Алексей Смирнов - Небесный летающий Китай (сборник)
– Формулировка огульная, – поднялся министр атомной энергетики, – но в целом справедливая. Я думаю, что хуже не будет. Предлагаю перевезти отходы в район будущего Соснового Бора. Там все равно построят ЛАЭС.
– Далековато, – вздохнул Гагенгум.
– А по-моему, так даже близко, – не согласился с ним глава кабинета. – Нельзя ли подальше? Я намекаю на Украину.
Гагенгум немного растерялся.
– Это же сколько ехать, – промямлил он – Учтите, что там еще нет ни железных дорог, ни шоссе…
– А давайте куда поближе! – вскинулся молчавший до сих пор министр путей сообщения. – Например, в 1950… нет, 60-й год! … Дисциплина, бесхозяйственность… Сказано – доставить, значит – доставить!
– Нет, – помотал головой атомщик. – Совсем недавние времена. Последствия могут еще не сказаться… могли не начать сказываться… – И он, запутавшись, смолк.
– Согласен, – кивнул премьер-министр. – Давайте к царице. И я настаиваю на Украине. А город вы и сами знаете. Подумайте, как это ловко получится! За отходы платят Пан-России, а везут их к хохлам! Гениальная комбинация! … Товарищ Гагенгум, вы лично отправитесь… ко двору, – и премьер серьезно хохотнул. – Наберете команду, проследите за исполнением. Потом расскажете, как там…
Такого оборота Гагенгум не ожидал.
– Но я не знаком с местными обычаями! Здесь нужен историк… этнограф…
– В правительстве нет историков и этнографов, – напомнил премьер.
3
Ехали до сумерек.
– Есть охота, господа, – Паншин говорил бодро, как будто и не провел целый день в седле.
– А мне так нет, – отозвался Каретников. – Тошно немного.
– А, так вас растрясло! – догадался Господинчев, гарцуя на коне.
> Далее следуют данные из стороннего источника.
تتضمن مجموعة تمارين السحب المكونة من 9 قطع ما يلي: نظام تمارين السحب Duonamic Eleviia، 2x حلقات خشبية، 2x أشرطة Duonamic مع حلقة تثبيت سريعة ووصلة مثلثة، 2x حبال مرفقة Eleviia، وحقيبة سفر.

Он снял головной убор и пригладил волосы. – Будь я проклят!
– Что за забота?
– Извольте взглянуть, – Господинчев раскрыл ладонь. Каретников и Паншин подъехали поближе, а Нащокин остался с вожжами.
– Что это?
– Локон, – недоуменно улыбнулся Господинчев. Но наглости в его глазах уже не было.
– Неужто лысеете?
– Нащокин! – позвал Паншин и, не сдержавшись, расхохотался. – Подите сюда! У Господинчева плешь растет!
– Что здесь смешного, сударь? – оскорбился Господинчев.
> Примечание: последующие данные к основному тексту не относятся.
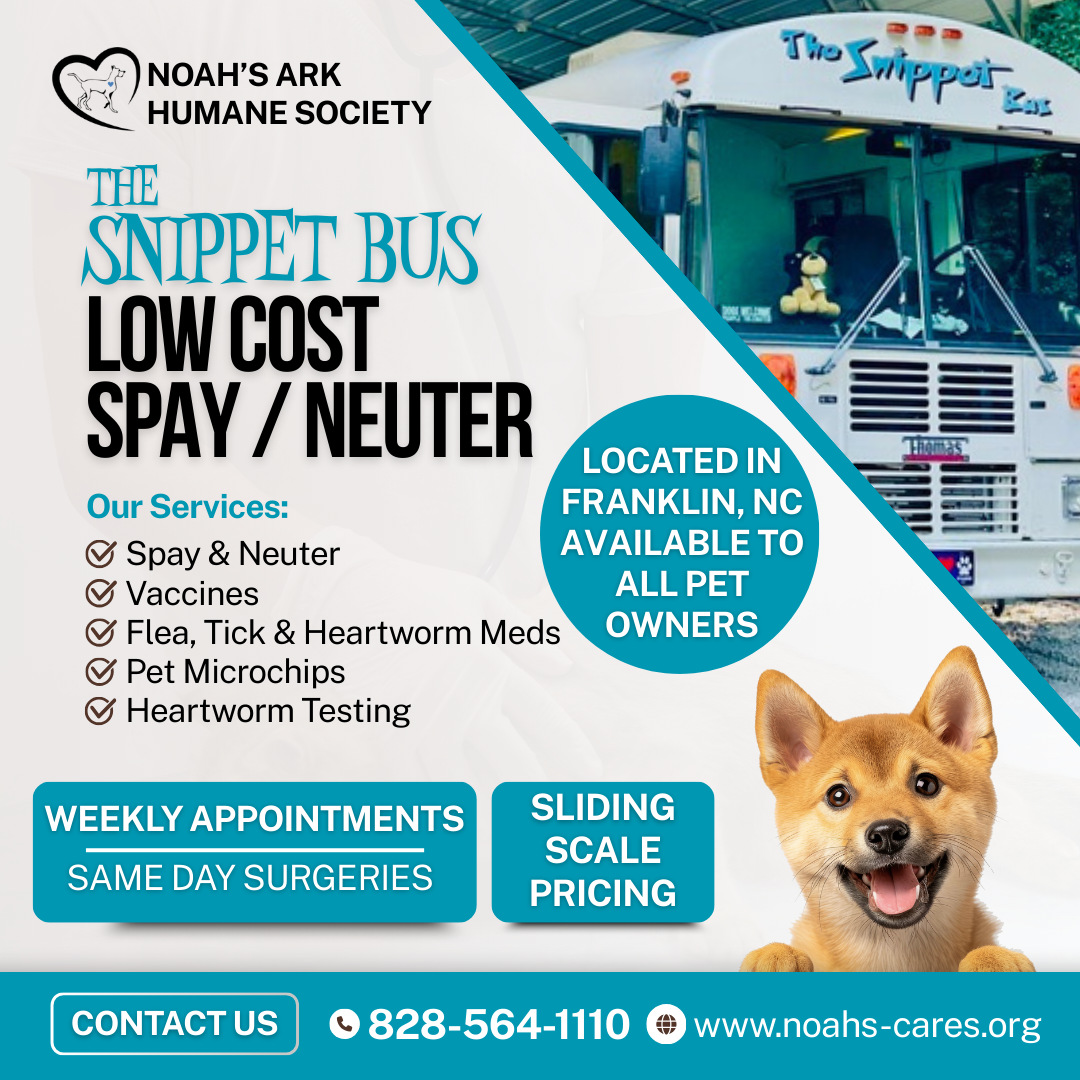 Noah's Ark Humane Society has partnered with Appalachian Animal Rescue to provide affordable spay and neuter services for cats and dogs in Western North Carolina. All surgeries are performed on the Snippet Bus, a fully equipped mobile surgical suite that remains parked at the Appalachian Animal Rescue Center in Macon County. Pricing is based on a sliding scale according to income, making these essential services accessible to all pet owners. In addition to spay and neuter, we offer vaccines, microchips, dewormer, and flea, tick, and heartworm preventatives. Appointments are available every Tuesday and Thursday, with pets dropped off in the morning and picked up the same afternoon.

– Не сердитесь, – Паншин примирительно потрепал его по плечу. – Вот дело сделаем – поедем в имение к батюшке. Там у нас есть бабка… ворожея. Тинктуру готовит особую, в голову втирать. Обрастете так, что гребень обломится!
– Решайте же, братцы! – крикнул сзади Нащокин. – Скоро стемнеет. В которое поедем село?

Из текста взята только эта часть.